Netlify related request

Request for updated permissions - to be granted.

From action item updates

Replacing reCaptcha with hCaptcha.

  • hCaptcha better supported now in Mediawiki.
  • Bugs of reCaptcha and simple editor.

HP DL360 Gen9 servers for Dublin

Paul came up with different numbers of servers required when budgeting and now: 7 then and 10 now. (https://github.com/openstreetmap/operations/issues/525)

Improved locality of backend tile requests

https://github.com/openstreetmap/operations/issues/527
Europe tile requests are being split based on metatile coordinate into server groups of one powerful server + one weak server. Significant reduction in rendering workload.

Will this cause problems with failover?

Decision: Test 10 minute stopping of apache on odin or ysera at 22:00 or 23:00 UK time.

Planet servers

We need to decide the plan for the planet servers and if they're going to need a large (>30TB) RAID array or we will use object store. What needs to happen?

3 things that need storage

  • planet server
    • has backups, probably a significant portion of that
    • backups should be moved to AWS
    • Grant to provide breakdown of usage of planet server storage space
    • Paul to look at new server with enough storage to replace ironbelly
  • dev server
  • imagery server

Action: Grant to provide breakdown of planet server files.
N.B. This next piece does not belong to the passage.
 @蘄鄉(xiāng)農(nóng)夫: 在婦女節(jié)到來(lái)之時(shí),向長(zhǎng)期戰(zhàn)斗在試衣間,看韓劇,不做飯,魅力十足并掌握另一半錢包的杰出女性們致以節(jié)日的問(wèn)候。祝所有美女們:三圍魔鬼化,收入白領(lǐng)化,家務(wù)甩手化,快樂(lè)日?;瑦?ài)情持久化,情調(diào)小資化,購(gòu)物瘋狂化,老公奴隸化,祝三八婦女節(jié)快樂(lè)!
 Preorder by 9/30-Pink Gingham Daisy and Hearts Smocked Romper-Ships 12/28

Breakdown of planet server files (incomplete run) 3.4 TB Backups
400 G log files
300 G Current run of a planet dump
RAILS storage (old user images and gpx files)

AWS

  • Planet serving portion of S3 might be provided for free (potentially replication and services we need to run the S3 bucket). Wouldn't run tile services.
  • Concern: development time.

Decision: 2U machine. Suggestion: 32TB + 25%. Will depend on run.
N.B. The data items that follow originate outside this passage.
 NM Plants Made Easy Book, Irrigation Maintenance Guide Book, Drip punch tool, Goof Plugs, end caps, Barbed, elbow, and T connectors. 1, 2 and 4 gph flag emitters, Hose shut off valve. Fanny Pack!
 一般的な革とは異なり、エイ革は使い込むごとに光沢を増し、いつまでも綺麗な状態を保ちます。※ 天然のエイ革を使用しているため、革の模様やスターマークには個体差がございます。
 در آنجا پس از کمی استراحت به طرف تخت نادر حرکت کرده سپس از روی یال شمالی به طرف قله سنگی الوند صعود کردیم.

Future: add extra disks to slots. No concern for unmatched disks.

QGIS

Topic added after request of Sarah Hoffmann (Nominatim).

Deferred until we can talk to Sarah.

10Gb Switches

£3500 each minimum

Action: Grant to price up options for review and decision.

RAM for new DB server in Dublin

DB server: 11.04 TB used.

Decision: 0.5 TB RAM

Dublin tickets

https://github.com/openstreetmap/operations/milestone/5

Suggestion: split ticket "cabling and accessories" https://github.com/openstreetmap/operations/issues/529

Open Ops Tickets

Review open, what needs policy and what needs someone to help with.
https://github.com/openstreetmap/operations/issues

Action items from this meeting

  • Grant to give Twitter credentials to Paul. [Action item updates]
  • Grant to provide breakdown of planet server files. [Topic: Planet servers]
  • Grant to price up 10Gb Switches options for review and decision. [Topic: 10Gb Switches]

Next meeting

Wednesday 2 June 2021 18:00 London time

Operations meetings are currently being held every 2 Wednesdays, at 18:00 London time.
Online calendar showing the OPS meetings.